Conclusions and Future Research Directions [15 min]

Transferable representation learning impacts on a wide spectrum of data-driven and knowledge-driven AI tasks. We conclude the tutorial by presenting some challenges and potential research topics in designing transferable representation learning models for data with complex structures, and emerging challenges in trustworthiness, fairness and AI for good.


  • Tutorial syllabus
  • Instructors' bio:

    Muhao Chen is currently a postdoctoral fellow in Department of Computer and Information Science, UPenn. He received a Ph.D. in Computer Science from UCLA in 2019. His research focuses on data-driven machine learning approaches for structured and unstructured data, and extending their applications to natural language understanding, knowledge base construction, computational biology and medical informatics. Particularly, he is interested in developing knowledge-aware learning systems with generalizability and requiring minimal supervision. His work has led to over 30 publications in leading conferences and journals. His dissertation research was awarded a UCLA Dissertation Fellowship.

    Kai-Wei Chang is an assistant professor in the Department of Computer Science at the University of California Los Angeles.
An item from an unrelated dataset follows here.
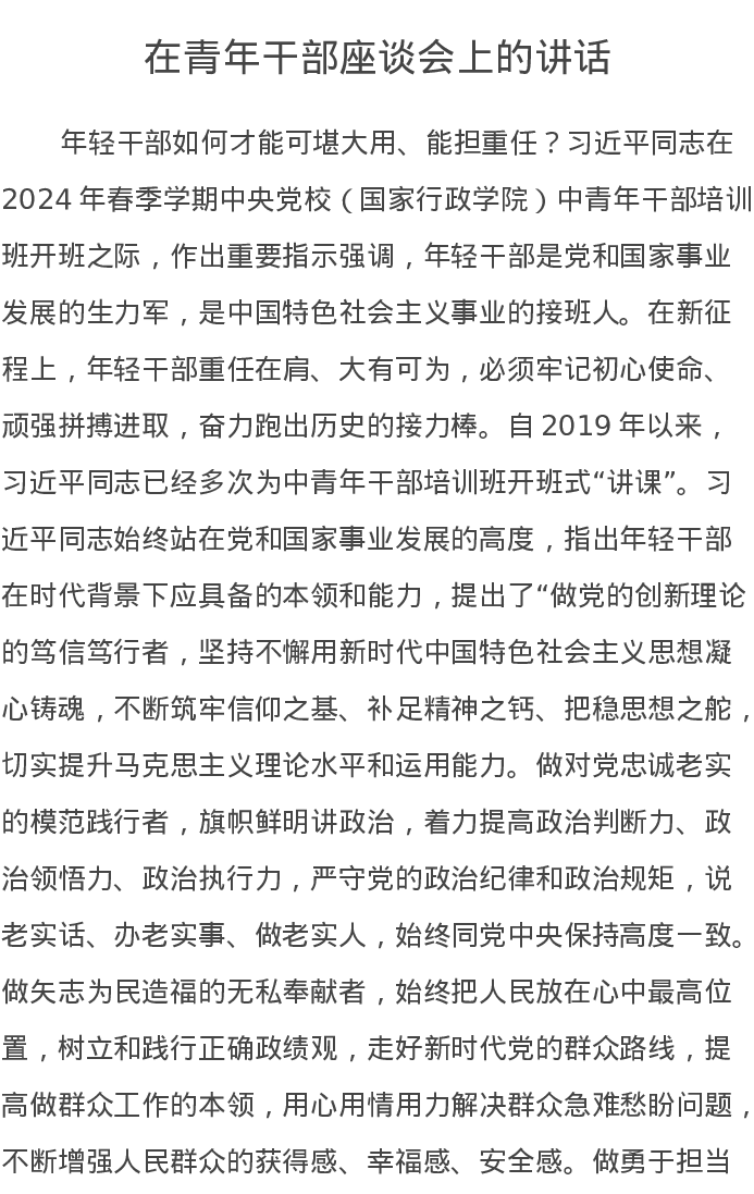 在青年干部座谈会上的讲话

His research interests include designing robust machine learning methods for large and complex data and building language processing models for social good applications. Chang has published broadly in machine learning, natural language processing, and artificial intelligence conferences. His awards include the EMNLP Best Long Paper Award (2017), the KDD Best Paper Award (2010), and the Okawa Research Grant Award (2018). Kai-Wei has given tutorials at NAACL, FAT, AAAI, EMNLP on various research topics.
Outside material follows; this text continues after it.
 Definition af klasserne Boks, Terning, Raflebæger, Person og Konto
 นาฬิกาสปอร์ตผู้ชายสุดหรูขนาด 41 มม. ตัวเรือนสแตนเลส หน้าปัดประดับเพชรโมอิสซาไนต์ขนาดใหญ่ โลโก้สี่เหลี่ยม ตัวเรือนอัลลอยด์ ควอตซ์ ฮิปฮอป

    Dan Roth is the Eduardo D. Glandt Distinguished Professor at the Department of Computer and Information Science, University of Pennsylvania, and a Fellow of the AAAS, ACM, AAAI, and the ACL. In 2017 Roth was awarded the John McCarthy Award, the highest award the AI community gives to mid-career AI researchers. Roth was recognized for major conceptual and theoretical advances in the modeling of natural language understanding, machine learning, and reasoning. Roth has published broadly in machine learning, natural language processing, knowledge representation and reasoning, and learning theory, and has developed advanced machine learning based tools for natural language applications that are being used widely. Roth has given tutorials on these and other topics in all ACL and AAAI major conferences. Until February 2017 Roth was the Editor-in-Chief of the Journal of Artificial Intelligence Research (JAIR). He was the program chair of AAAI’11, ACL’03 and CoNLL’02, and serves regularly as an area chair and senior program committee member in the major conferences in his research areas. Prof. Roth received his B.A Summa cum laude in Mathematics from the Technion, Israel, and his Ph.D. in Computer Science from Harvard University in 1995.